Nel nuovo disordine mondiale, chi non ha i mezzi per minacciare o per dissuadere non viene invitato alla tavola dei decisori, ma si siede dove gli viene detto. È così che funziona ogni equilibrio imperiale: gli imperi si formano non solo perché dominano, ma perché gli altri obbediscono. E l’Europa, nei fatti, ha obbedito. Ha accettato la presenza pervasiva di basi americane, la subordinazione della sua intelligence, la dipendenza da scudi altrui. Ha scelto la sicurezza a credito, senza rendersi conto che ogni debito geopolitico si paga, prima o poi, in autonomia perduta.

Il caso Nato: dalla protezione alla dipendenza

La Nato, per gli Stati Uniti, non è mai stata un atto di filantropia. È uno strumento di proiezione strategica, una rete di influenza, un apparato che consente a Washington di mantenere le sue truppe in Europa e controllare il quadrante eurasiatico. Ogni base militare americana in Europa è una sentinella imperiale. Ogni esercitazione congiunta, ogni missione sotto comando USA, ogni missile installato “per protezione” è, in fondo, un atto che ricorda chi comanda.

La recente ambiguità di Trump sull’Articolo 5 — il cuore della Nato, quello che prevede la difesa collettiva — lo ha reso palese: se il presidente americano può decidere in autonomia se proteggere o meno gli alleati, allora la Nato non è una alleanza, ma un ricatto potenziale. E l’Europa, ancora una volta, è spettatrice. Incapace di rispondere da sola, costretta a elemosinare rassicurazioni, a rinegoziare la propria esistenza dentro parametri che non ha stabilito.

Senza difesa comune, nessuna politica estera

La verità è semplice, ma inaccettabile per la retorica europea: senza un esercito comune, l’Europa non esiste. Ogni proposta di politica estera condivisa, ogni posizione sulle crisi globali, ogni appello alla mediazione, è retorica vuota se dietro non c’è una forza armata capace di farla valere. Il mondo ascolta chi ha potere. E il potere, oggi, è militare, tecnologico, energetico. L’Europa ha rinunciato a costruire un potere militare autonomo, e ora rincorre il tempo perduto.

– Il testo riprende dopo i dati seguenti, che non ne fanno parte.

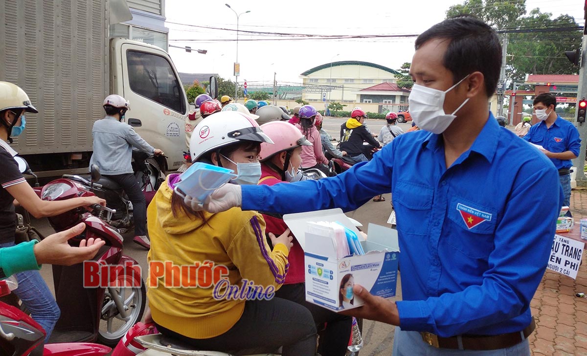 Các đoàn viên đã tặng miễn phí hơn 3.000 khấu trang y tế cho người dân lưu thông trên tuyến quốc lộ 14 và công nhân làm việc tại KCN Đồng Xoài II. Toàn bộ khẩu trang phát miễn phí do anh Nguyễn Duy Phong (SN 1982) công tác tại Công ty TNHH bê tông Hùng Vương (thành phố Đồng Xoài) tài trợ.
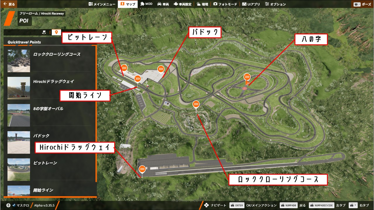 ヒロチ・レースウェイは、レーストラックやその他のモータースポーツ施設を備えたアメリカ合衆国メイン州のマップです。日本の自動車メーカー「ヒロチ」の名を冠した、アスファルトサーキットのレイアウトは、元々ホンダのテストトラックだった鈴鹿サーキット(逆さ)から着想を得ているようです。
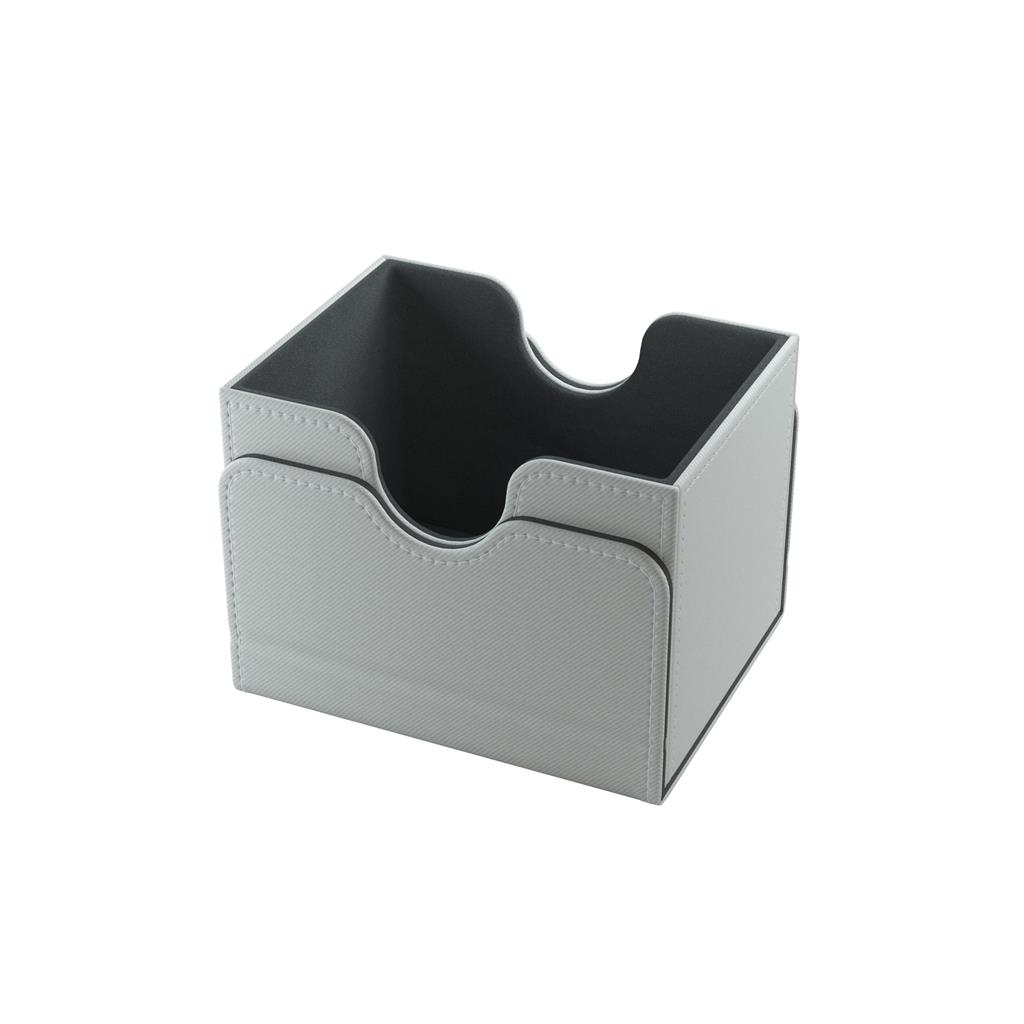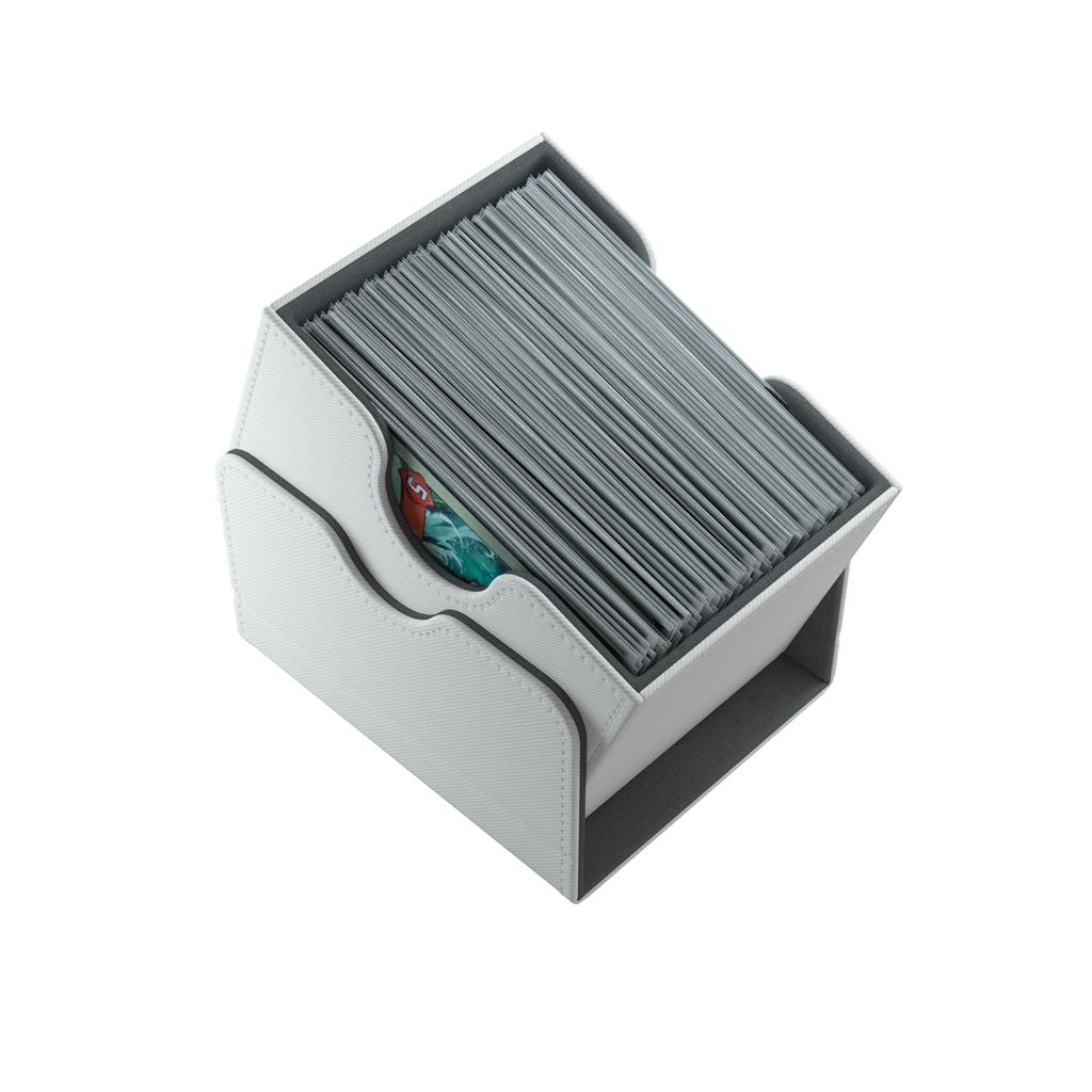 Deze witte, aanpasbare Sidekick deckbox is geschikt voor een deck van 100 kaarten met dubbele sleeves.
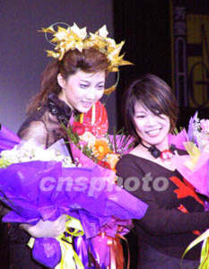 二00二广东(秋季)时装周,十九日晚在广州花园酒店降下帷幕,获奖设计师与模特接受现场观众祝贺。作者:刘卫勇

C’è ancora chi — come Salvini o Schlein — si oppone alla difesa europea, per ideologia o convenienza. Ma è un’opposizione miope, che confonde l’ideale della pace con la passività della sottomissione. L’alternativa non è tra guerra e pace, ma tra essere protagonisti o essere terreno di gioco per altri. Chi rifiuta l’idea di un’Europa armata, armata in modo europeo, sceglie consapevolmente una dipendenza permanente.

Un destino da scegliere

Il tempo delle illusioni è finito. L’Europa può ancora scegliere. Può decidere di costruire una propria forza difensiva, una industria bellica integrata, una catena decisionale autonoma. Può riconoscere che la storia non è finita e che la potenza è l’unico linguaggio che garantisce spazio politico nel XXI secolo. Oppure può continuare a vivere nell’illusione della protezione americana, aspettando che la prossima crisi mondiale dimostri, ancora una volta, che chi non sa difendersi non ha diritto a decidere.

Il colonialismo del nostro tempo non si impone con le flotte, ma con le alleanze sbilanciate. E la libertà, oggi come sempre, comincia dal saper dire: questa guerra la combatto io, con le mie armi, per le mie ragioni. Fino a quel giorno, l’Europa resterà ciò che ha scelto di essere: una colonia elegante che ancora si crede impero.